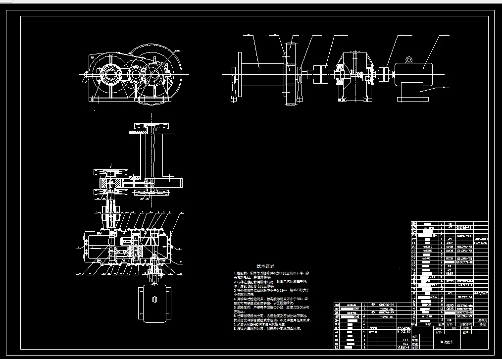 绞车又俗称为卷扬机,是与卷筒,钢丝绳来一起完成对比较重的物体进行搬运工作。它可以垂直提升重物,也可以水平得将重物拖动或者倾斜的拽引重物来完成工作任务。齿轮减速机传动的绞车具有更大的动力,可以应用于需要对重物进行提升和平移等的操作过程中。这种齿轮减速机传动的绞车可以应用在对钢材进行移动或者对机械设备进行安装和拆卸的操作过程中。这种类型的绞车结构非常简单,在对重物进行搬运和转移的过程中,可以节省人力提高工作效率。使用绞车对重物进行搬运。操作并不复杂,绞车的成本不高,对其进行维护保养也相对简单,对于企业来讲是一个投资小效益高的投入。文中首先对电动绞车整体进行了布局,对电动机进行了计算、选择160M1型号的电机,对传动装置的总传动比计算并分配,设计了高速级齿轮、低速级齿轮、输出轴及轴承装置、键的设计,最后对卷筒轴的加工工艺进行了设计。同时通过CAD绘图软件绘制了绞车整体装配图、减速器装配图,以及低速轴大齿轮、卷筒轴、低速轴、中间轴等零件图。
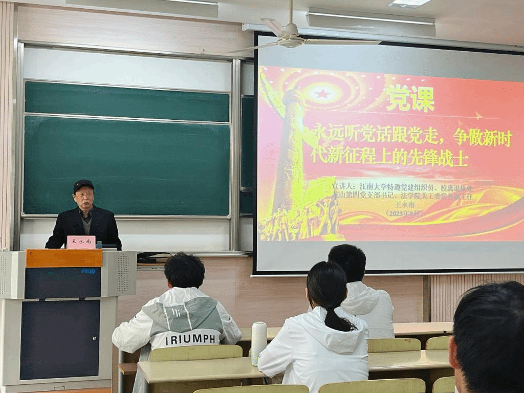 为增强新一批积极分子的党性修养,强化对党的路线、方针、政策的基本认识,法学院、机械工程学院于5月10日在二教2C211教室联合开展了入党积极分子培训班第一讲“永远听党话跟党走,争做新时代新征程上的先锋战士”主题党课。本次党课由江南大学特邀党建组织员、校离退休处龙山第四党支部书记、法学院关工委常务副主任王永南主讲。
-----
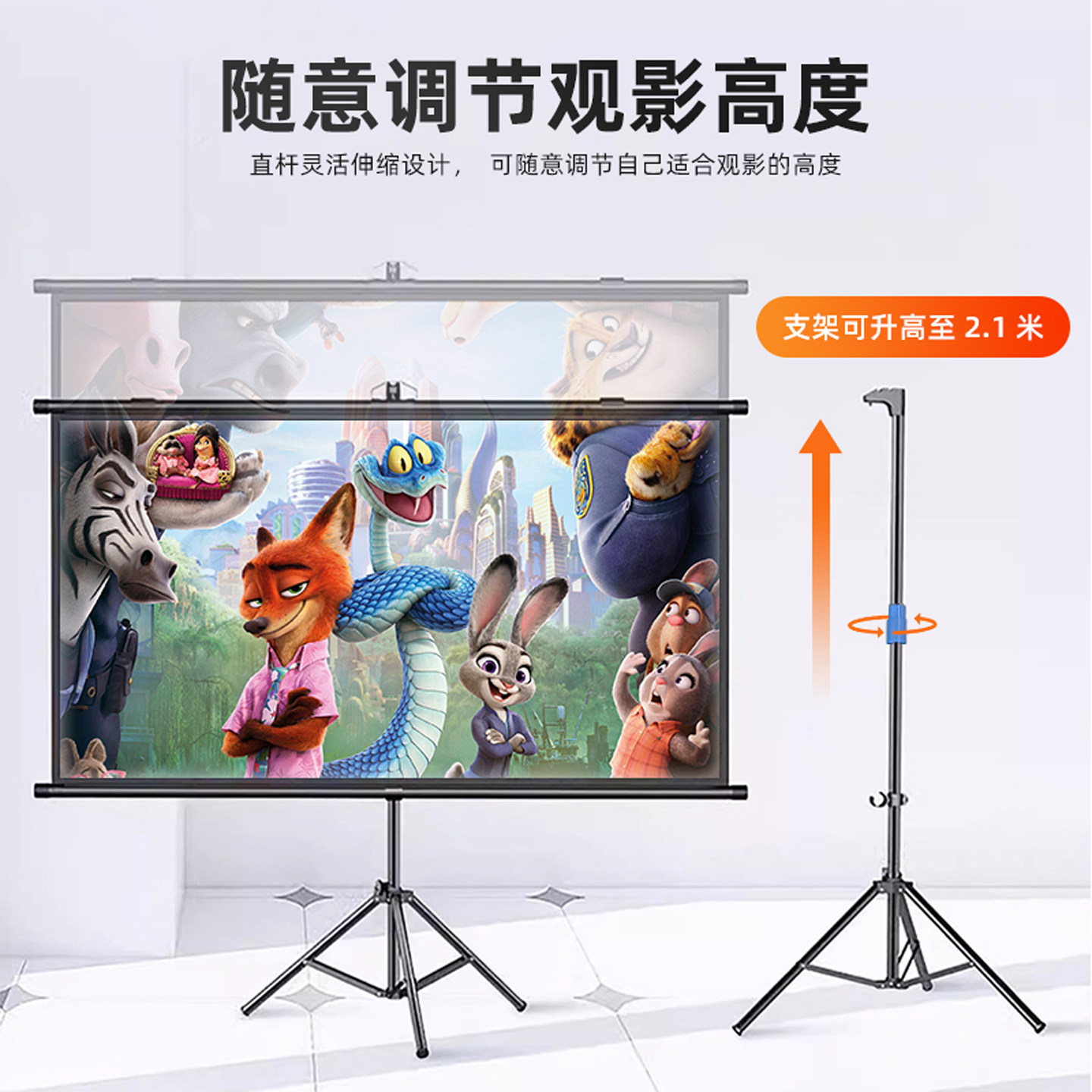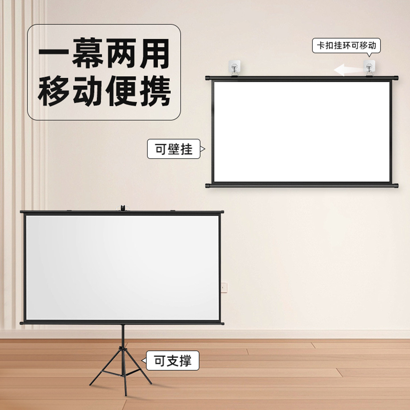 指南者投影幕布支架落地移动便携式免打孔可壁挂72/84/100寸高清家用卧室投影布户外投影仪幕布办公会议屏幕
-----
* Required action
Leaving pictures out, output the lines of the data above from the one with "绞车又俗称为卷扬机,是与卷筒" through the one with "为增强新一批积极分子的党性修", word for word.

* Final answer
 绞车又俗称为卷扬机,是与卷筒,钢丝绳来一起完成对比较重的物体进行搬运工作。它可以垂直提升重物,也可以水平得将重物拖动或者倾斜的拽引重物来完成工作任务。齿轮减速机传动的绞车具有更大的动力,可以应用于需要对重物进行提升和平移等的操作过程中。这种齿轮减速机传动的绞车可以应用在对钢材进行移动或者对机械设备进行安装和拆卸的操作过程中。这种类型的绞车结构非常简单,在对重物进行搬运和转移的过程中,可以节省人力提高工作效率。使用绞车对重物进行搬运。操作并不复杂,绞车的成本不高,对其进行维护保养也相对简单,对于企业来讲是一个投资小效益高的投入。文中首先对电动绞车整体进行了布局,对电动机进行了计算、选择160M1型号的电机,对传动装置的总传动比计算并分配,设计了高速级齿轮、低速级齿轮、输出轴及轴承装置、键的设计,最后对卷筒轴的加工工艺进行了设计。同时通过CAD绘图软件绘制了绞车整体装配图、减速器装配图,以及低速轴大齿轮、卷筒轴、低速轴、中间轴等零件图。
 为增强新一批积极分子的党性修养,强化对党的路线、方针、政策的基本认识,法学院、机械工程学院于5月10日在二教2C211教室联合开展了入党积极分子培训班第一讲“永远听党话跟党走,争做新时代新征程上的先锋战士”主题党课。本次党课由江南大学特邀党建组织员、校离退休处龙山第四党支部书记、法学院关工委常务副主任王永南主讲。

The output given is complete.